As I think of the good reasons to go to a store to buy something, instead of over the Web, some of those reasons may go away in the future. There may be a new Web version of retail brewing.

This has been on my mind since I posted on my other blog about the Trunk Club offering men a way to get the personal-service advantage of help and recommendations and opinions that they’d get from a good salesperson, without having to actually go to the store. It comes via Web video chat from a Trunk Club style expert. Founder Joanna Van Vleck pointed out that this may be the future of retail.

It takes dividing the benefits of buying retail into their components. Some can be replaced by the Web, some can’t.

The world has already seen how effectively a Web offering can replace the kind of browsing we do in a bookstore. As long as we’re able to wait a few days to get what we choose to buy. And more so with computer software. We choose and download. We don’t even have to wait.

One component a Web alternative will never replace is immediacy for things that can’t be delivered digitally. If you want some physical product right now today, then you go to the store. You go to a restaurant to sit and be served, and to the hair place to get your hair done, and that’s not going to happen via live video chat.

Another component is the actual visual and tactile comparison. Look at the various offerings on the shelf. Pick them up, read the package, make a choice.

The component of the retail transaction that a Web alternative might replace, for some businesses, is the interaction with the expert. Many hardware and home maintenance and home remodeling businesses advertise person-to-person expertise as a reason to visit the store. Could that become a live Web chat followed by an order, shipping, and then maybe more Web chat? What about the specialty vitamin shop, or the health foods store? The hobby shop? And maybe the office supplies and office technology business, offering a video chat with an expert leading to an order for a printer, or scanner, or new computer?

Better still, I have an expert I know and trust, with whom I have worked again and again over time, who I can meet with, by appointment on the Web cam.

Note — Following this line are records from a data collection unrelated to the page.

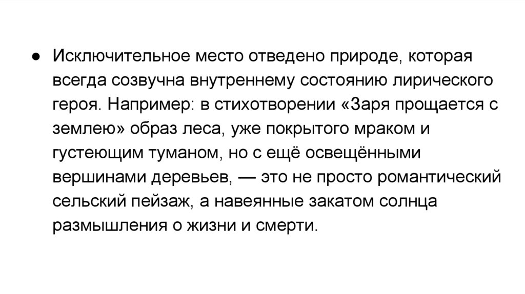 ● Исключительное место отведено природе, котораявсегда созвучна внутреннему состоянию лирического
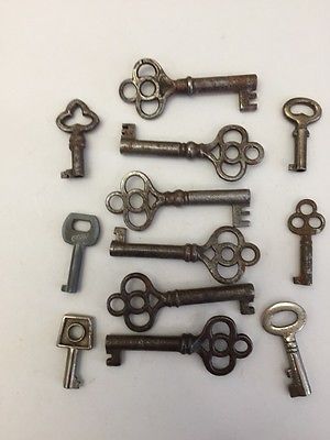Title (ebay affiliate link): (12) Small Antique Skeleton Clock Keys Barrel Shaft Unusual Shapes Very Ornate
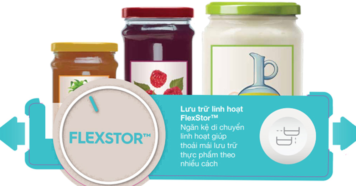 Tủ lạnh Electrolux sử dụng ngăn kệ linh động FlexStor giúp bạn dễ dàng điều chỉnh để có thể thoải mái lưu trữ thực phẩm theo cách của chính mình.
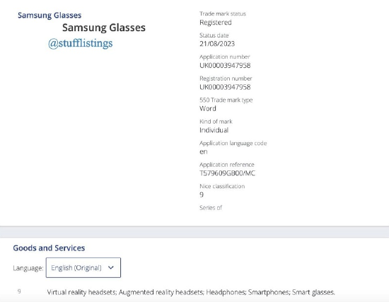 商標(biāo)信息顯示,“Samsung Glasses”商標(biāo)于 2021 年 8 月 21 日提交,申請(qǐng)?zhí)枮?UK00003947958,尼斯分類第 9 類,商品和服務(wù)指出“虛擬現(xiàn)實(shí)頭顯;增強(qiáng)現(xiàn)實(shí)頭顯;智能眼鏡”。
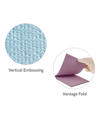 • Provides the often imitated, but never duplicated Crosstex embossing pattern, which allows moisture to flow horizontally across the towel, protecting patient's clothing.
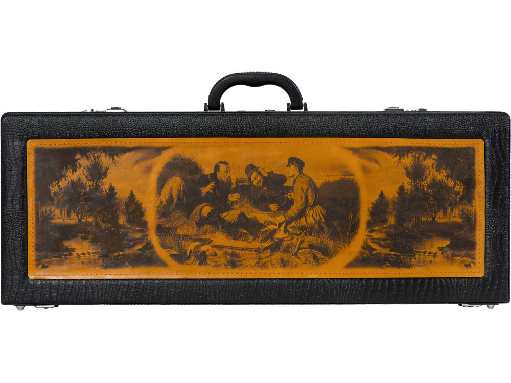 Кейс из сплит-кожи, с повышенной износостойкостью, с картиной, внутренняя отделка натуральная кожа с художественным выжиганием.
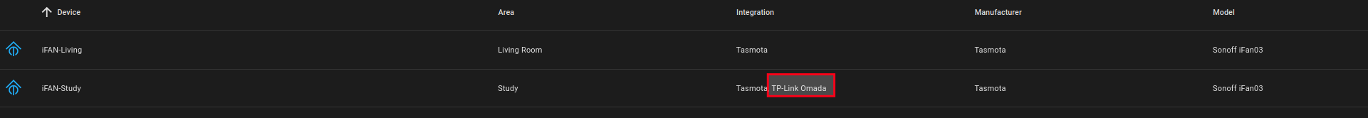 I have two Sonoff iFan3 controllers, both flashed with the latest Tasmota firmware, linked to the same wifi accesspoint and connected to the same MQTT system. I found that HA was listing one of them under two integrations. Any idea why that is and how I can ensure they will only be listed under the proper integration?
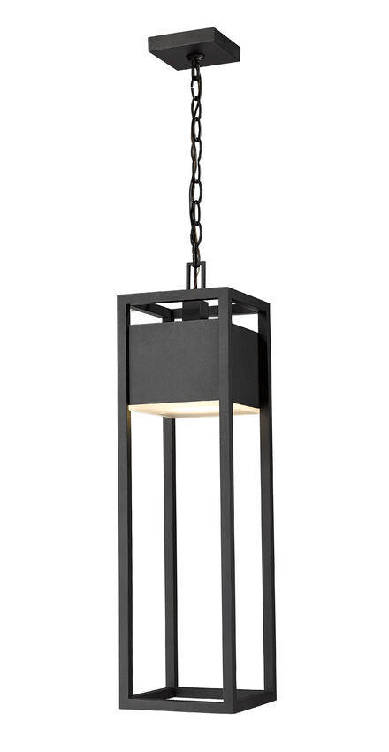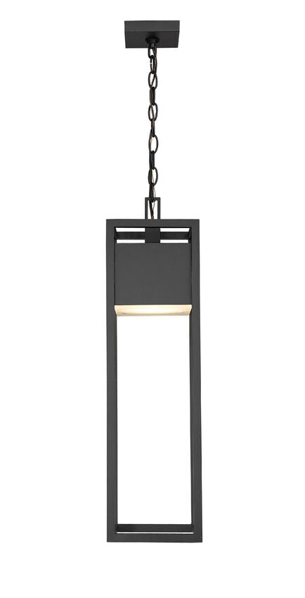 From the Barwick collection comes this contemporary outdoor ceiling fixture, perfect for mounting above a porch entryway. With an open rectangular aluminum cage in a deep black finish, this ceiling fixture hangs by a chain mount and can complement existing building facade colors. With an elegant touch, this outdoor ceiling fixture also comes with an energy-efficient LED-integrated lamp tucked beneath an etched glass plate.
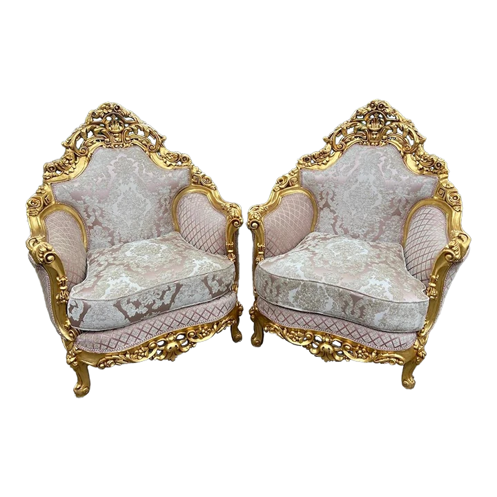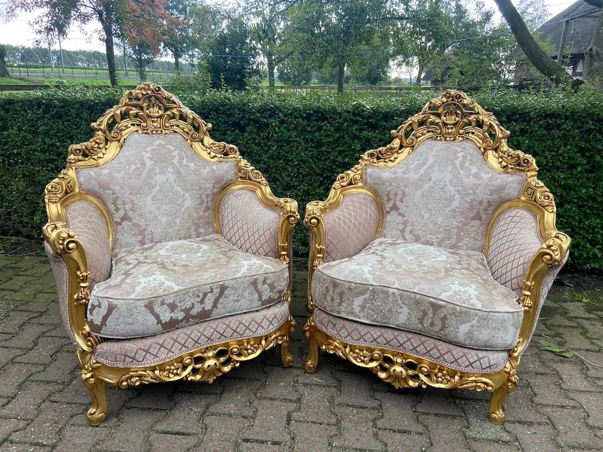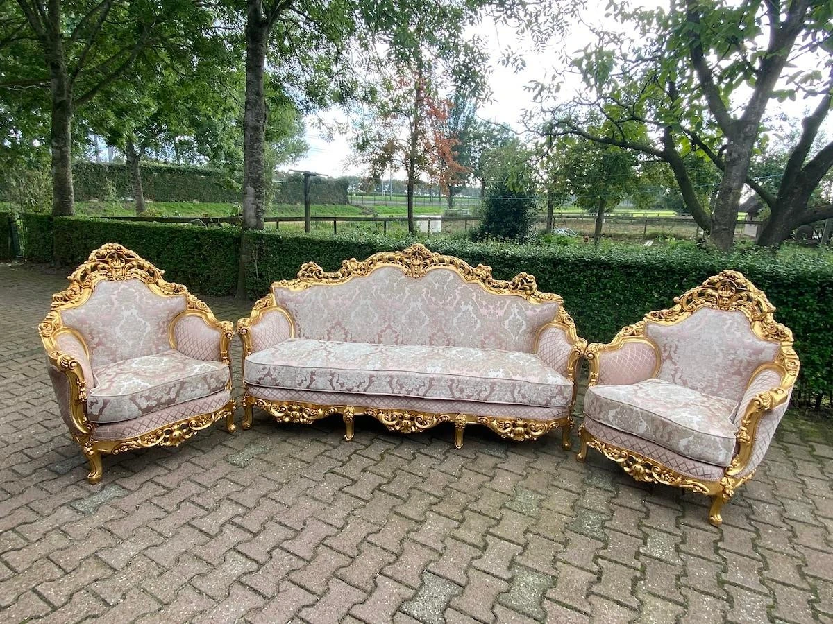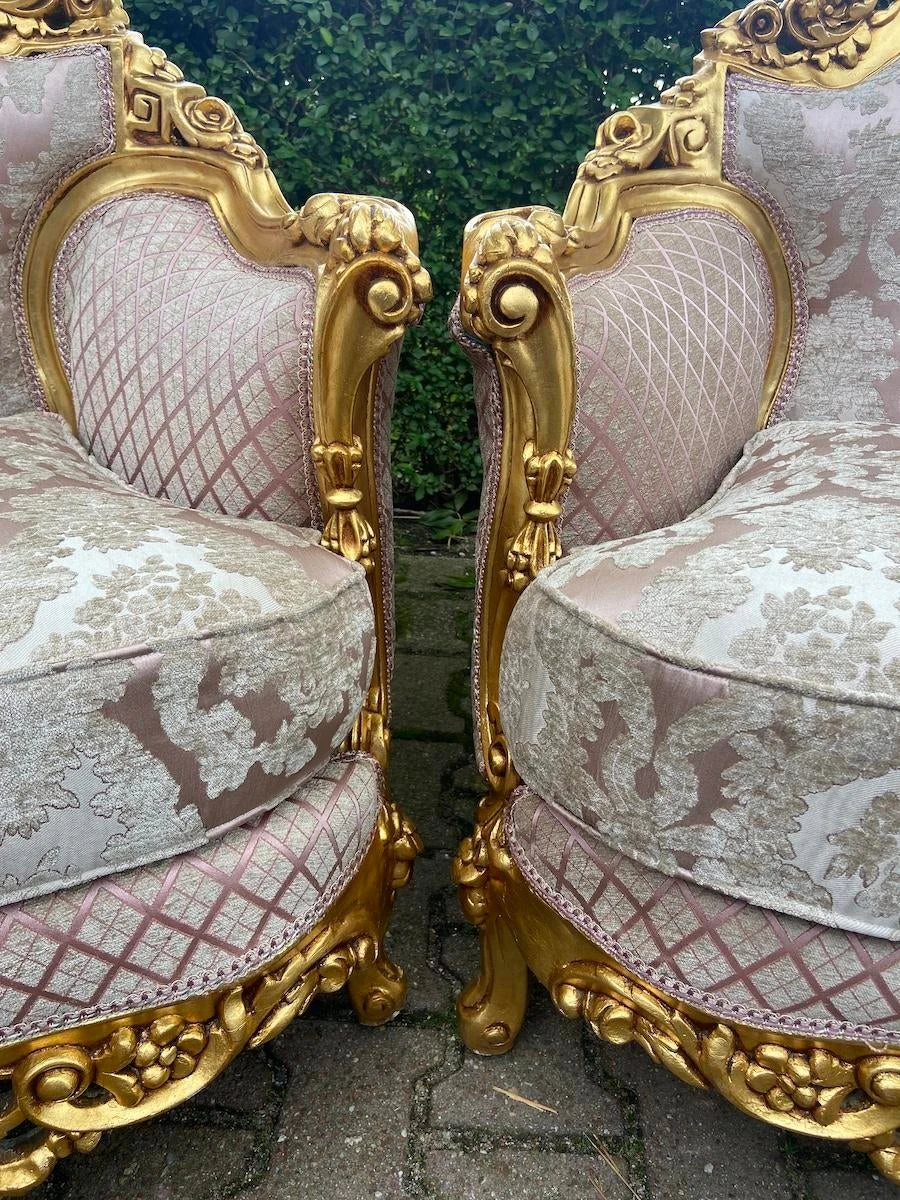 And when we bought it in the South of France our team stripped the upholstering completely , gave the set new filling and padding in high quality. They have also re-upholstered the chairs in a breathtaking beautiful damask fabric (a blend of silk with cotton with floral pattern) in a beautiful pale pink colour. The gold leaf finish is the finish from a couple of years ago, so our team did not re-finish the frame. So it has minor wear consistent with the age and use.

The secret is the use of the interactive Web video — over Skype, for example, or equivalent Yahoo! or Google video chat facilities — to do what that trusted salesperson in the favorite store might do.

So it makes me start to think. Sure, with this model I have to wait to actually get the goods; but I don’t have to go to the store, wait in traffic, park the car, find the salesperson, and so on. It’s a very intriguing alternative.